The other factor to keep in mind is that there is a specific order that objects load based on their type. Load order:
- Materialized Views (MV)
- Incorta Analyzer Tables
Keeping this in mind, it is clear that insights based on Incorta Analyzer Tables have a longer path to data refresh than do insights based on standard tables. Do your best to keep the number of object layers to the minimum as it is possible to build MV’s on top of other MV’s and Incorta Analyzer Tables on top of business views that are built from MV’s and tables and possibly other business views, to name just a couple possible scenarios. It can get complex fast and the more layers involved, the more ordering comes into play and the longer it can take for your underlying columns to populate.
|Put related table objects in a single schema||Tables can be related based on the data they contain or the schedule upon which they need to refresh.
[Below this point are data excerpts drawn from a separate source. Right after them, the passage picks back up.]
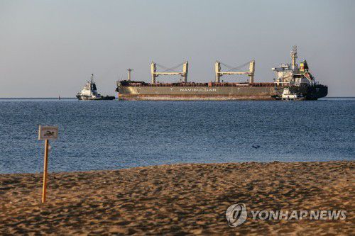 5일(현지시간) 우크라이나 초르노모르스크항에서 우크라이나산 곡물을 실은 선박이 영국을 향해 출항하고 있다. |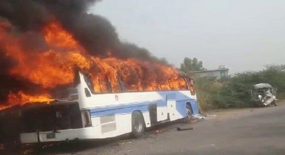 مسافر بس میں آگ شارٹ سرکٹ کے وجہ سے لگی۔بس لاہور سے ملتا ن جاری رہی تھی۔ بس میں 49 افراد سوار تھے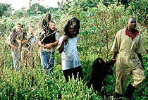 During the walk you will stop occasionally to listen to the calls of the chimps as you look for them in the dense forest.
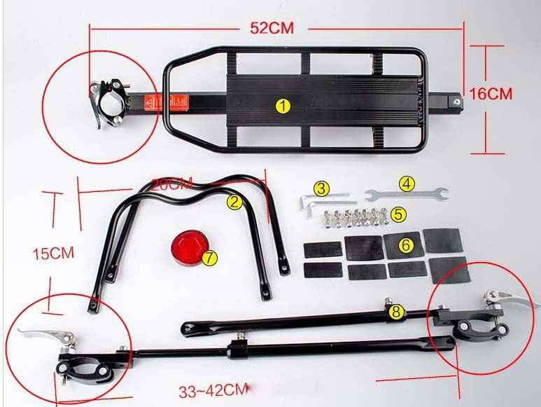 Chú Ý: Gác baga xe đạp thích hợp đường kính cọc yên ~3.3CM, cả hai khung chéo hình tròn hoặc hình elip, kích thước khung không vượt quá 2.5cm đường kính.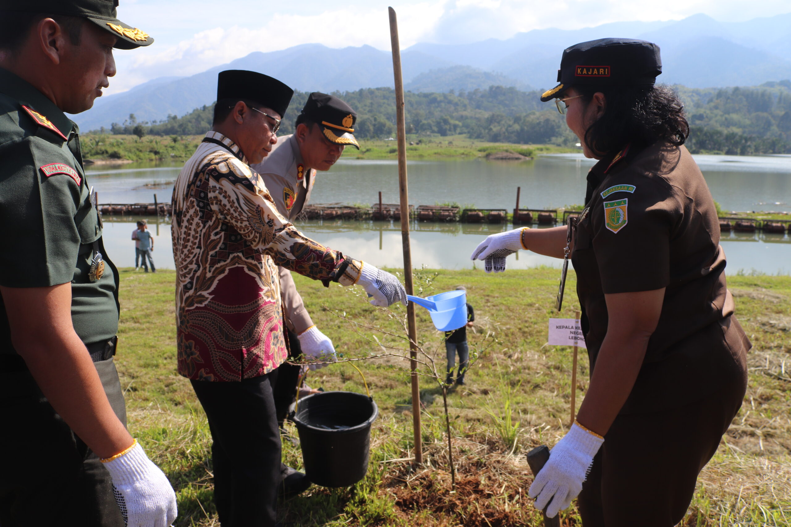Lebong. PortalBermano.com – Dalam rangka memperingati Hari Bahayangkara ke 78 dan Hari Lingkungan Hidup (HLH) Se-dunia, Bupati Lebong, Kopli Ansori  dan Kapolres Lebong AKBP Awilzan Beserta Jajaran serta Dandim 0409 R/L Letkol ARH M.Erfan Yuli Safutro bersama seluruh stakeholder dalam hal ini Forkopimda Lebong, Penjabat Sekretaris Daerah (Sekda) Lebong, melakukan penanaman 1.000 pohon secara serentak di Intake PLTA Tes di Kelurahan Tes Kecamatan Lebong Selatan, Kamis (27/6) sekitar pukul 09.00 WIB.
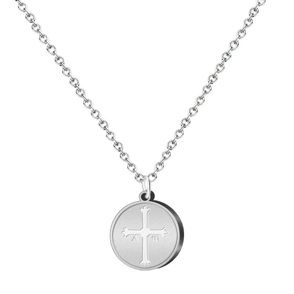 Colgante medalla con cadena Cruz de la Victoria, Acero Plateado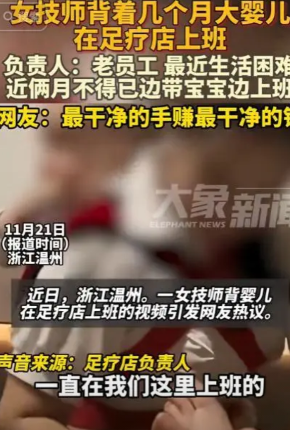 看哭了!浙江温州,一女子因家庭贫困,只能每天背着几个月大的婴儿在足疗店上班,老板理解她生活的不易,同意她上班的方式,网友:用最干净的手赚最干净的钱!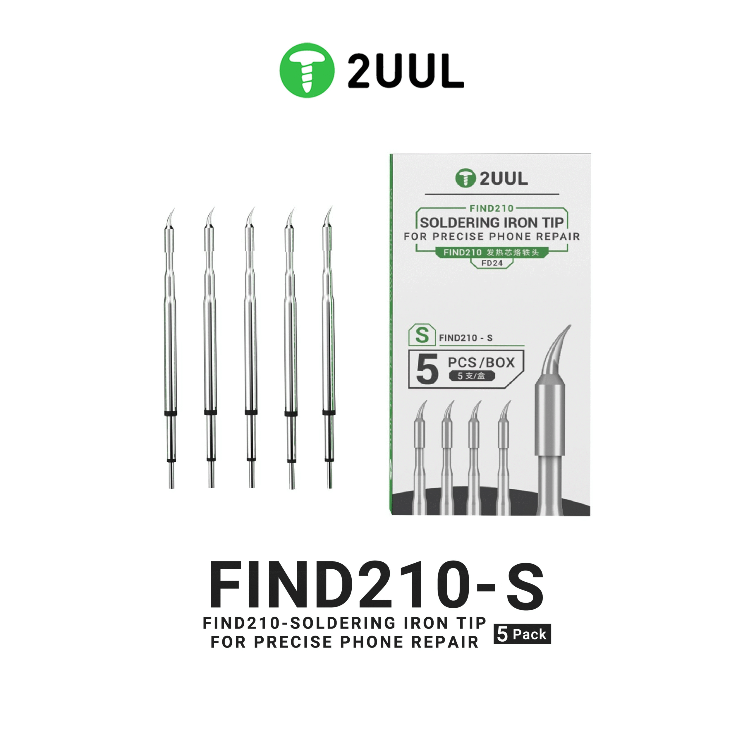 The 2UUL FD24 C210-S Soldering Iron Tip 5 Pack is an essential tool for anyone involved in high-precision soldering, offering reliability, accuracy, and versatility for a range of electronics and mobile repair applications.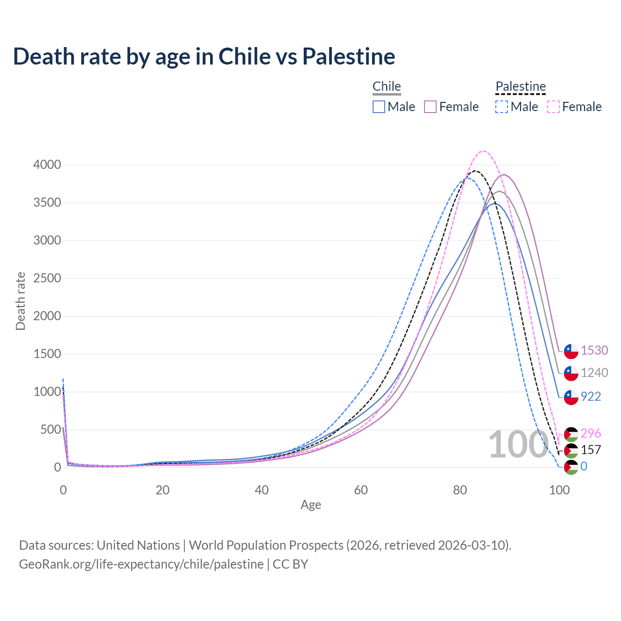 In Chile, the most common age of death is 88, compared to 83 in Palestine. The median age of death is 84.8 in Chile and 80.5 in Palestine, meaning only half of each cohort is expected to live past that age.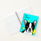 Cute Boston Terrier flat colour illustration on an aqua background with yellow circles, text is editable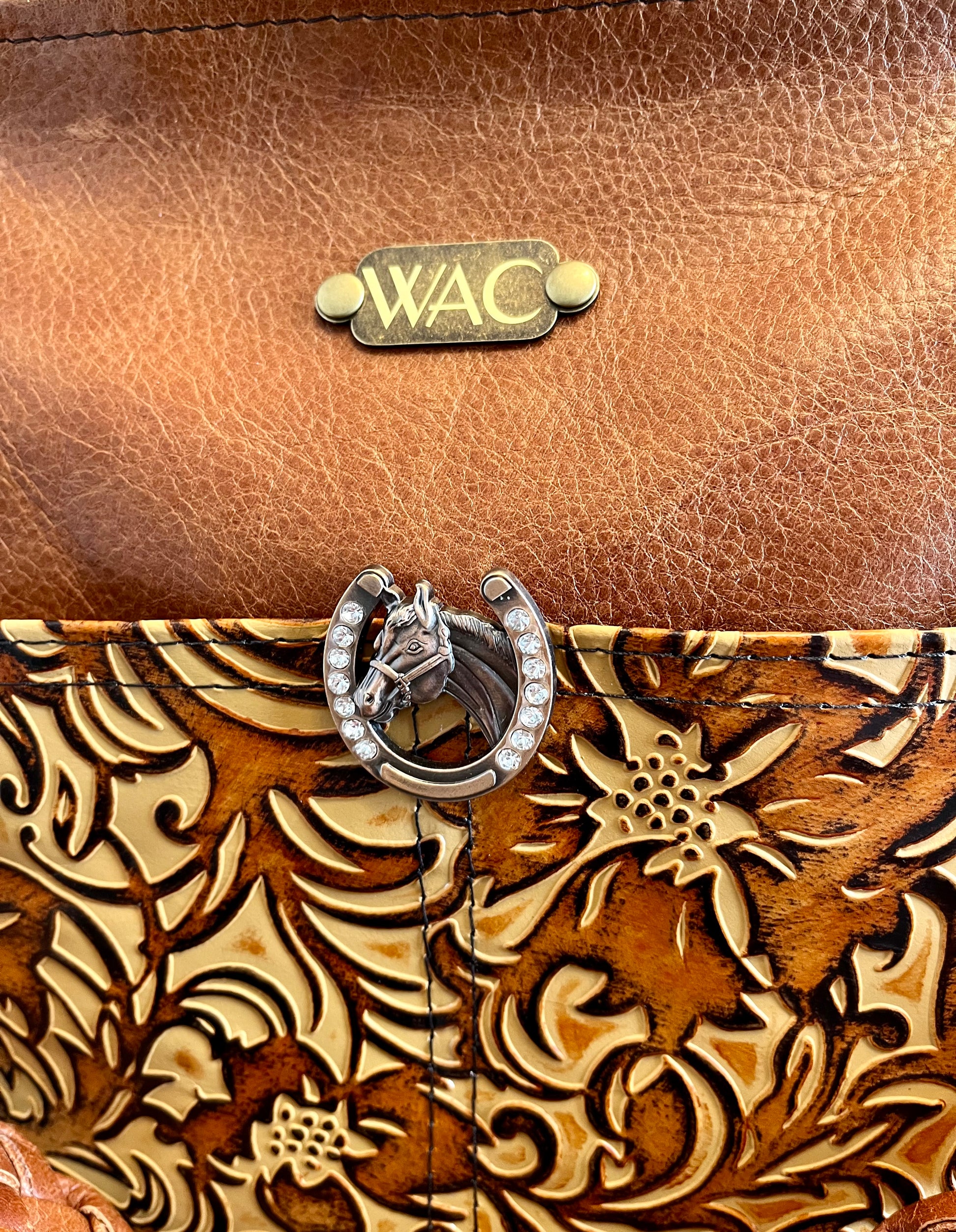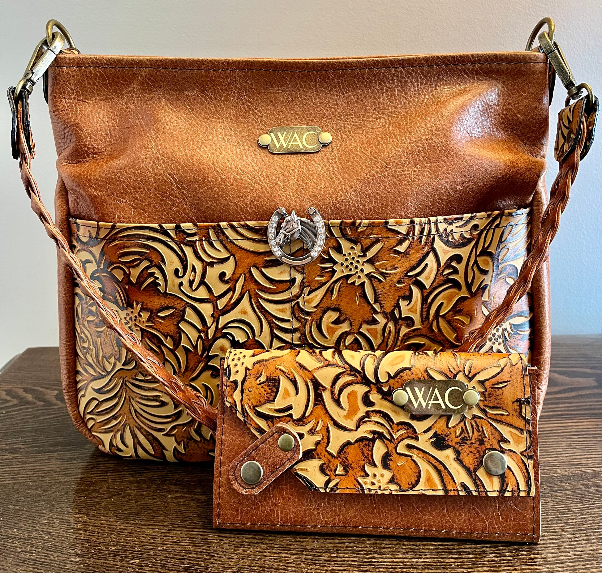 Buttery soft pumpkin/cognac toned leather is paired with a beautiful floral embossed leather to create this exceptional purse and matching wallet. The purse is a slouchy hobo style ad has a beautifully braided shoulder strap. Two exterior slip pockets that are separated with a pretty horse concho. There is an additional zipper pocket on the back. Inside there is another 2 slip pockets and an additional leather overlay zipper pocket. The wallet has a total of 7 card slots, a clear ID slot, money slot and zippered coin pocket. It closes with a high end matching antique brass frame. It measures 7½” W x 8¾” H. The purse measures 11½” W x 10” H x 3” D

Incorta can figure out how to load the objects within a schema optimally.|
|Minimize the layering of table objects||Incorta loads table objects in order based on object type. Object types that come later in the ordering benefit from having fewer layers.|
Use Incremental Loads when possible. Incremental loads only load what has changed to memory and as a result normally require less processing by Incorta which translates to the process from extraction to loading into Analyzer memory being faster than if a full table is loaded.
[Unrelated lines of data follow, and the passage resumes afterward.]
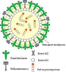 Снаружи вирус покрыт липидной оболочкой. Именно липиды ответствтенны за ту тяжелую интоксикацию, которая поражает человека во время болезни. На поверхности вируса находятся выступы (гликопротеины ) - гемагглютинин (названный по способности агглютинировать эритроциты) и нейраминидаза (фермент). Гемагглютинин обеспечивает способность вируса присоединяться к клетке. Нейраминидаза отвечает, во-первых, за способность вирусной частицы проникать в клетку-хозяина, и, во-вторых, за способность вирусных частиц выходить из клетки после размножения.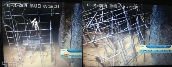 9时26分见一名工人寻找出口,9时29分起脚手架开始坍塌。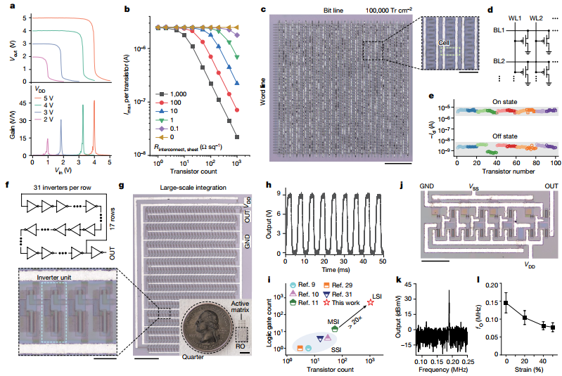 圖4. 由晶體管所構(gòu)成的集成電路。a) 輸出增益電壓的改變;b) 驅(qū)動(dòng)電流的模擬結(jié)果;c)高密度集成電路的光學(xué)照片;d)電路構(gòu)成示意圖;e)高密度電路的測(cè)量結(jié)果;f)和g)大規(guī)模集成電路的示意圖;h) 527***環(huán)形振蕩器的輸出波形; i)本工作和報(bào)道工作的對(duì)比;j)三***慣性振蕩器的照片;k)10個(gè)振蕩器中,輸出快的頻率圖譜;l)不同應(yīng)變條件下的震蕩頻率。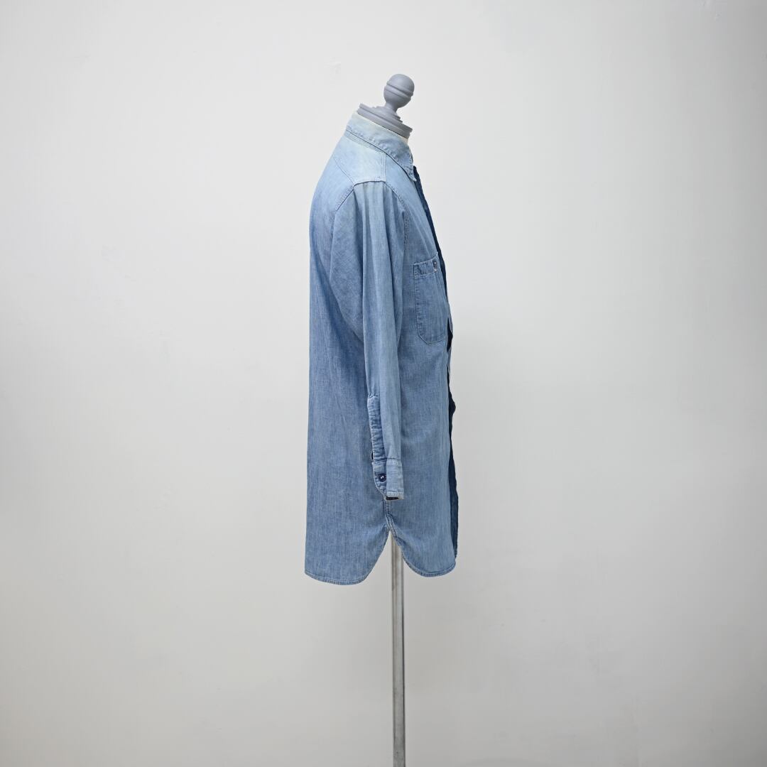 素材: コットン100%のシャンブレー生地。青い縦糸と白い横糸で織られており、独特の霜降りのような風合いと、着込むほどに増す経年変化が魅力です。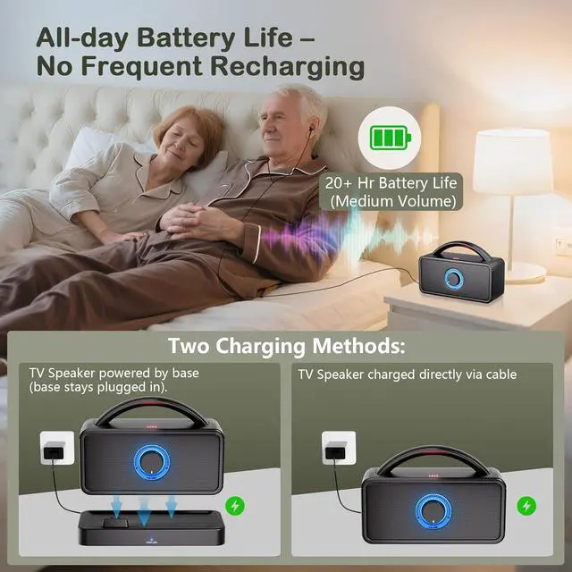 Senior-Friendly & Long Battery: Our tv hearing devices for seniors feature one large 2-in-1 knob (power + volume) and a few other simple buttonsno complex controls, just simple, practical operation. Battery life lasts over 20hrs (at medium volume), enough for all-day use, no frequent recharging. Two easy charging ways: place on the base (auto-charges) or use the direct power cord.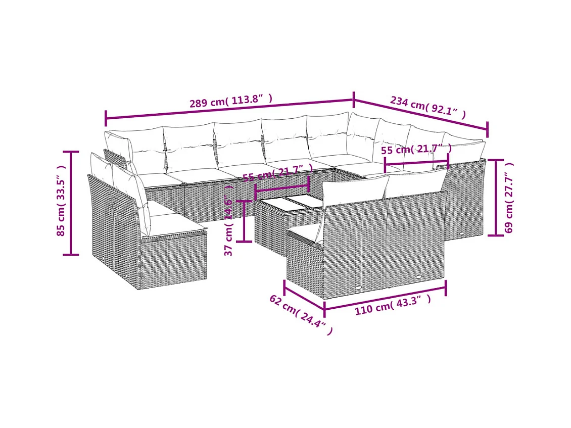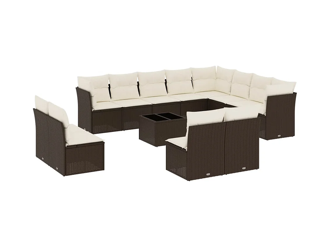 13 peças conjunto sofás para jardim com almofadões vime PE castanho

Incremental loads require a way to uniquely identify each record and to identify the last time a record was updated in the source. The easiest way to do this is with a column that holds the timestamp of the last update to the record. Depending on the object to be loaded, other logic can be used as well.
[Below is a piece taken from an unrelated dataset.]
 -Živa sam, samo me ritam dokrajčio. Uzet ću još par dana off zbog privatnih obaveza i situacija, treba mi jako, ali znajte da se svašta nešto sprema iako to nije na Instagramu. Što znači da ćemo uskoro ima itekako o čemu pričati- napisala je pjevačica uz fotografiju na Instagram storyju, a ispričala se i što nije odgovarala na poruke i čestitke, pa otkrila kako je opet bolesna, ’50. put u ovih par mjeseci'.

|Use incremental loads||Normally incremental loads are faster as less data is processed.|
For those objects that support chunking, set it up when you define the table object. Chunking allows the loads to do parallel processing which speeds load times. You can set the number of chuks that process in parallel by setting the Table Maximum Parallel Chunks configuration setting in the CMC (work with your Incorta Administrator). Note that not all data sources or source types support chunking.
|Using chunking strategies||When possible, use chunking strategies for loading your data. This can be really beneficial for large tables. It may not be worthwhile if the record counts are small.|
Data is only loaded to memory if a table is performance optimized. You do want to optimize all the columns of data that you will use in reporting so that you can maximize performance on your dashboards. That said, at times you may not report off of certain table objects at all. Typically these tables would contain data that needs further transformation (via MV) before the data is ready for reporting. For these tables, it makes sense to disable the Performance Optimized toggle on the Table Details screen and save the time it takes to load the data to memory.
|Turn Performance Optimize off for tables that do not need it||There is no reason to take up memory for tables that are not reported on and this removes work from the load process.|
It is also possible to not load columns into Incorta. If you will not be using columns for reporting, there is no reason to load them to Incorta and this will save some time in your load process.
Instead of defining you tables with “SELECT *” statements, specify only the columns that you will use in Incorta in your select clause.
|Do not load columns from source that are unneeded||If you know that you will not use a column, do not load it to Incorta. Instead of writing your table defining SQL as “SELECT * FROM table_abc”, specify exactly which columns to bring in with your select clause.|
If you have very important load jobs, consider a dedicated loader node. It is possible to pin jobs to specific loader nodes. The advantage of doing this is that you can set up the job such that it has no resource competition. As long as the dedicated loader node is big enough, then you can guarantee consistent performance.
The downside to this strategy is that it will add complexity to your hardware topology which will mean more for you to maintain if you are hosting on premises. Incorta Cloud is always an option to avoid that headache! That said, this is probably a last resort option to use after you have exhausted all other avenues for tuning first.
|Pin load job to dedicated loader node||This strategy can eliminate competition on your loader service and as a result give you consistency in your loads.|